» **WORK TO BE COMPLETED**: From the line containing "AS ABOVE SO" to the line containing "SEMICON Taiwan 2019" in the records below, set down every line exactly as it stands, both ends included, and skip the pictures.

» **EXCERPTED RECORDS**:
- - - - - - -

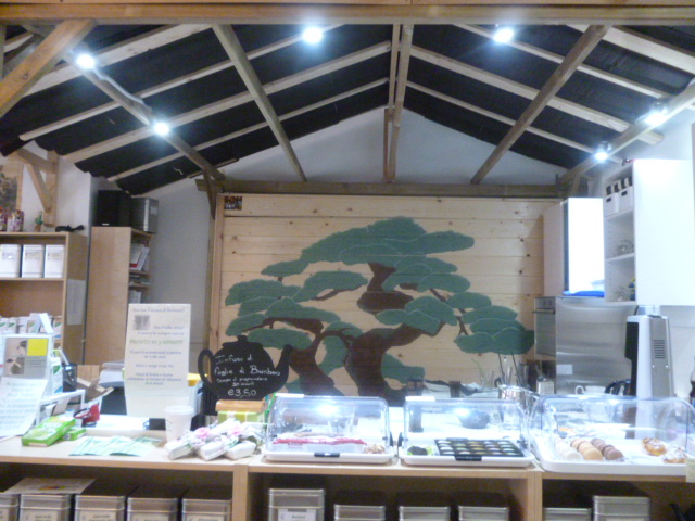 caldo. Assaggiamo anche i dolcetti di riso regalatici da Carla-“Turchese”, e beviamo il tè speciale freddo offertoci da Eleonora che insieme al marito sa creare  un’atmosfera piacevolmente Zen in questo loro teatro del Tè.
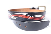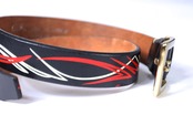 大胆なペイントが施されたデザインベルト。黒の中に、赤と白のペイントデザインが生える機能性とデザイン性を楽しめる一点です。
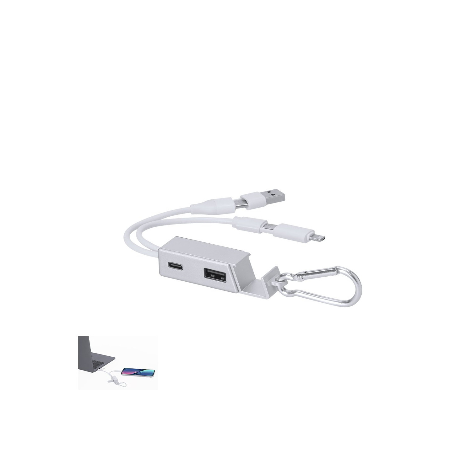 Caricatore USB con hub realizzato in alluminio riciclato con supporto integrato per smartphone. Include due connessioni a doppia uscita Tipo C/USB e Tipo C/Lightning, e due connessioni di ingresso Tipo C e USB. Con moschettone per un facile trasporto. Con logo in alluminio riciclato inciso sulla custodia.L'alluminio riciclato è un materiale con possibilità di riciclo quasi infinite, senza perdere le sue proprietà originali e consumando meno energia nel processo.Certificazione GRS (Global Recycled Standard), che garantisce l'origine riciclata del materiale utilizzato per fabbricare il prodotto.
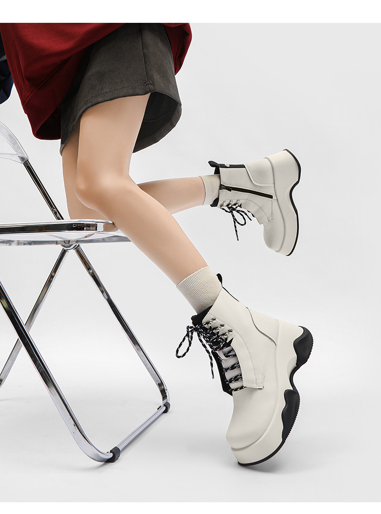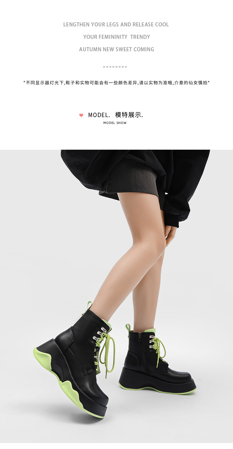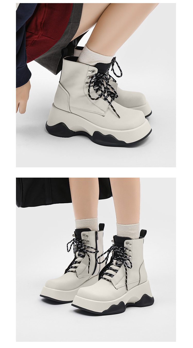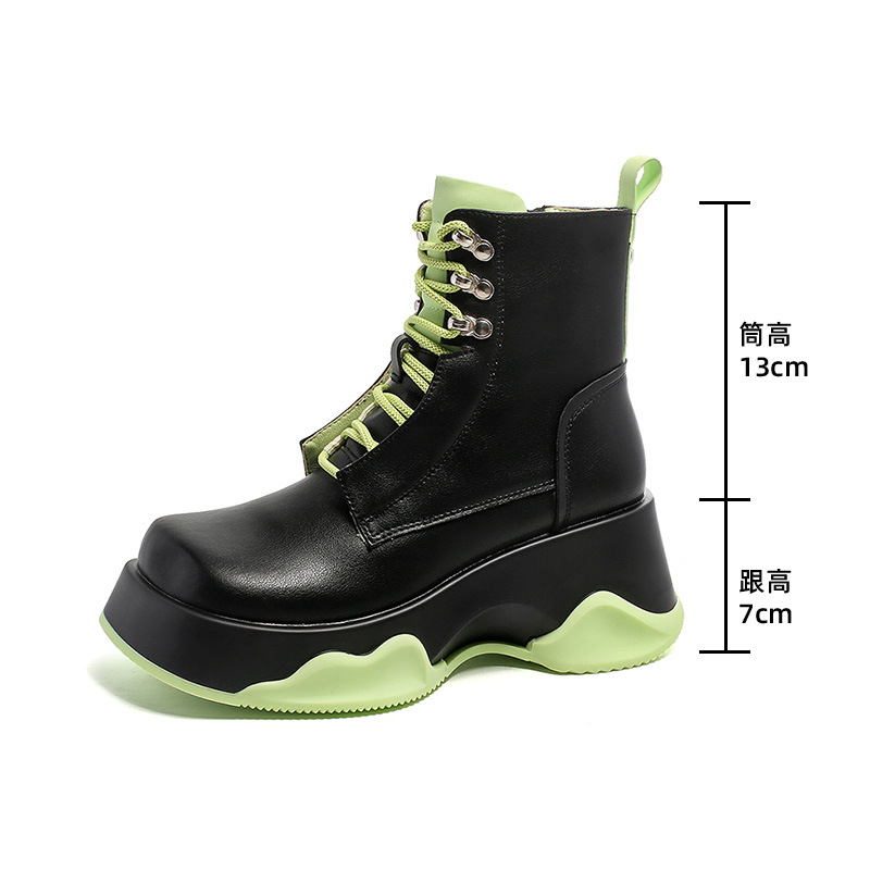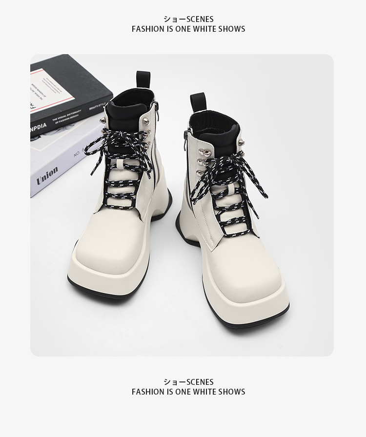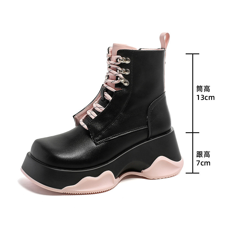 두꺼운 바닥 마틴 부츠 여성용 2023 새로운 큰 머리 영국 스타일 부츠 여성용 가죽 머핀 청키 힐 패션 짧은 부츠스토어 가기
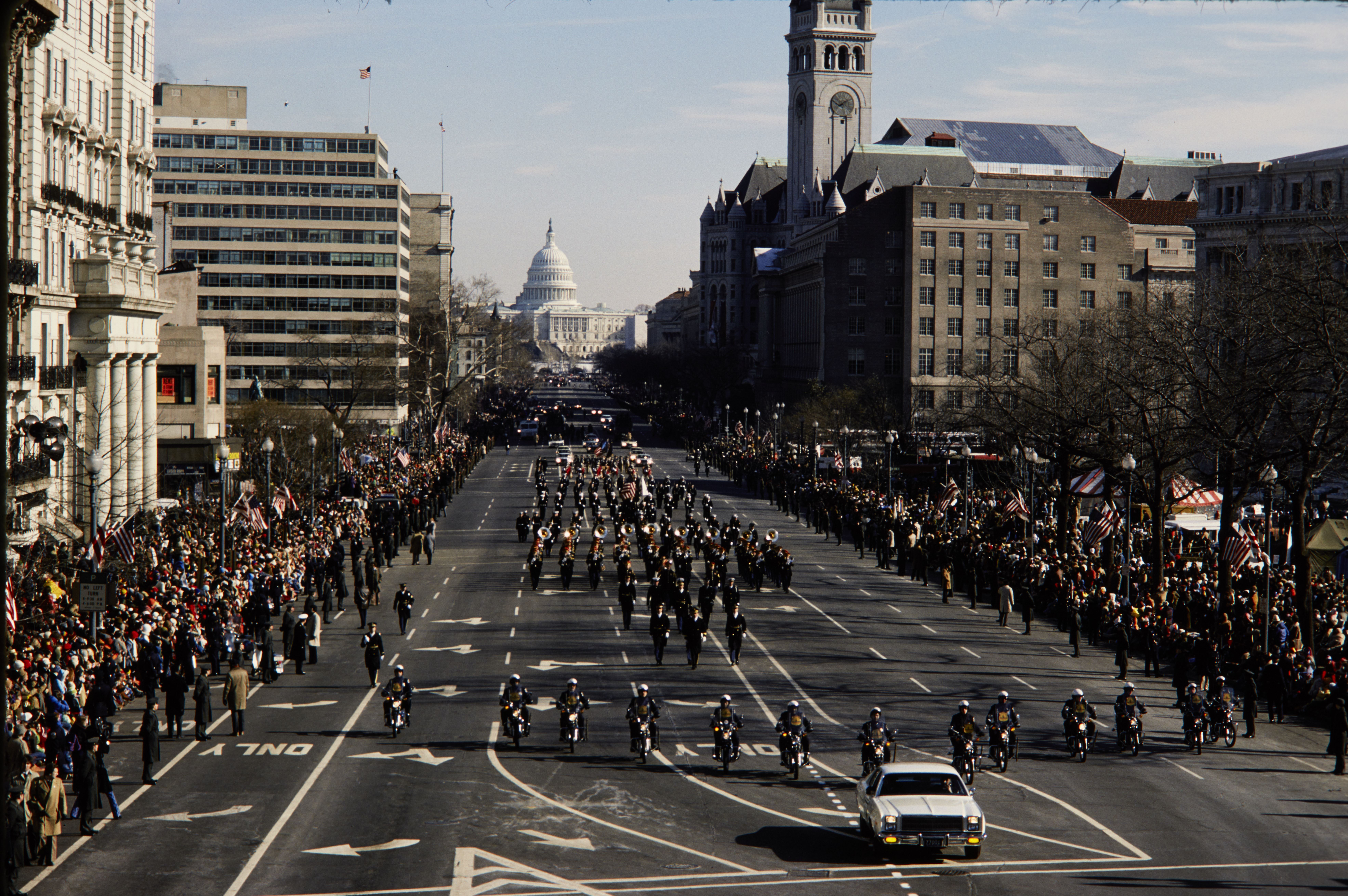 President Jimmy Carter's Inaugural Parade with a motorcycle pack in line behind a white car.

- - - - - - -

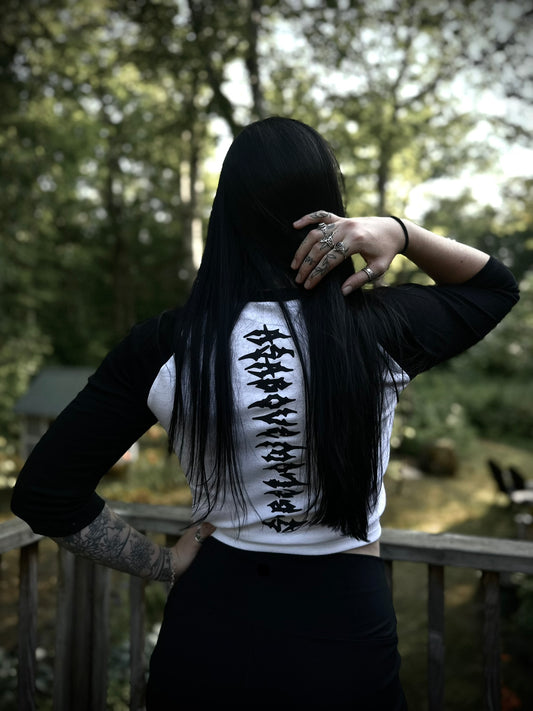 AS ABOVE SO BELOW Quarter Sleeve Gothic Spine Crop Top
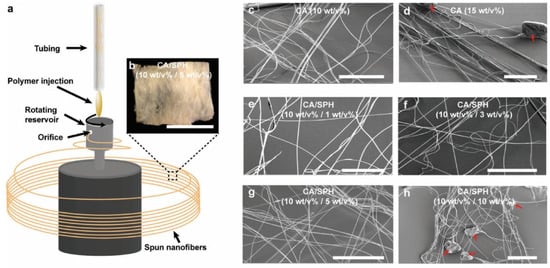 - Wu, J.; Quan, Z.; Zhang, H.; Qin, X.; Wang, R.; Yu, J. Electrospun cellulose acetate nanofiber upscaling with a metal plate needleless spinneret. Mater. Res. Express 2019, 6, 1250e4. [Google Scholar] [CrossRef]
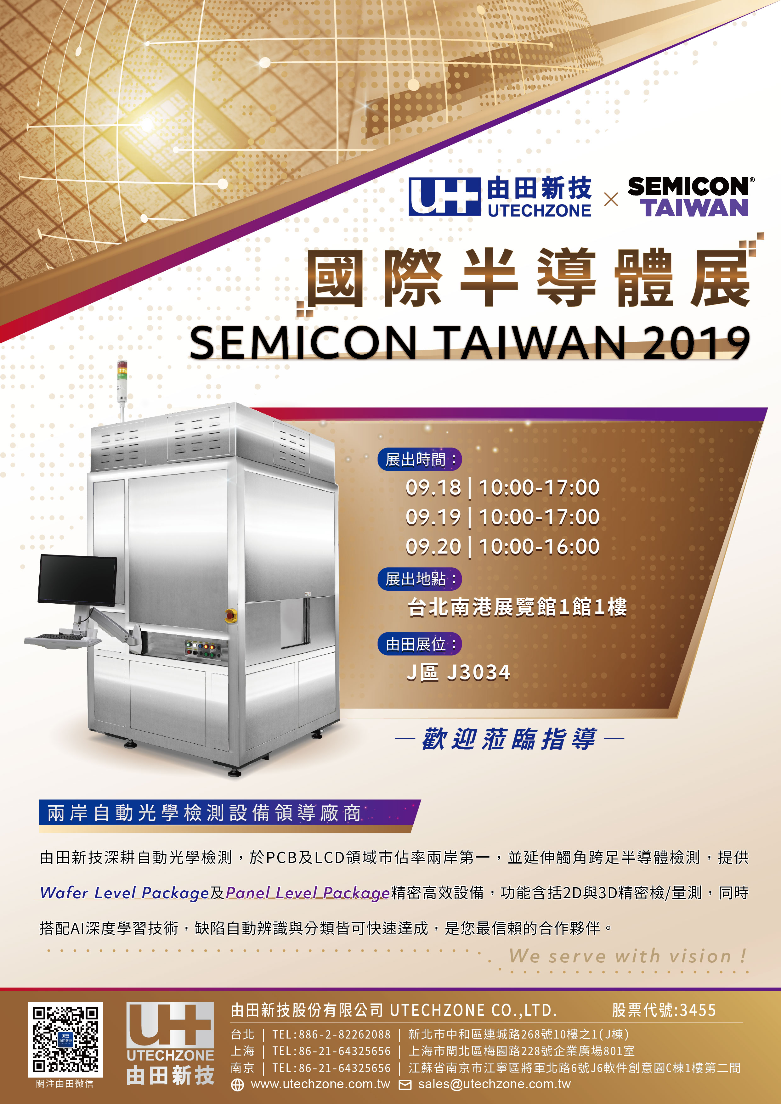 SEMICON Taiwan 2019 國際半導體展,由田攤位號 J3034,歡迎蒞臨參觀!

- - - - - - -

» **SOLUTION**:
 AS ABOVE SO BELOW Quarter Sleeve Gothic Spine Crop Top
 - Wu, J.; Quan, Z.; Zhang, H.; Qin, X.; Wang, R.; Yu, J. Electrospun cellulose acetate nanofiber upscaling with a metal plate needleless spinneret. Mater. Res. Express 2019, 6, 1250e4. [Google Scholar] [CrossRef]
 SEMICON Taiwan 2019 國際半導體展,由田攤位號 J3034,歡迎蒞臨參觀!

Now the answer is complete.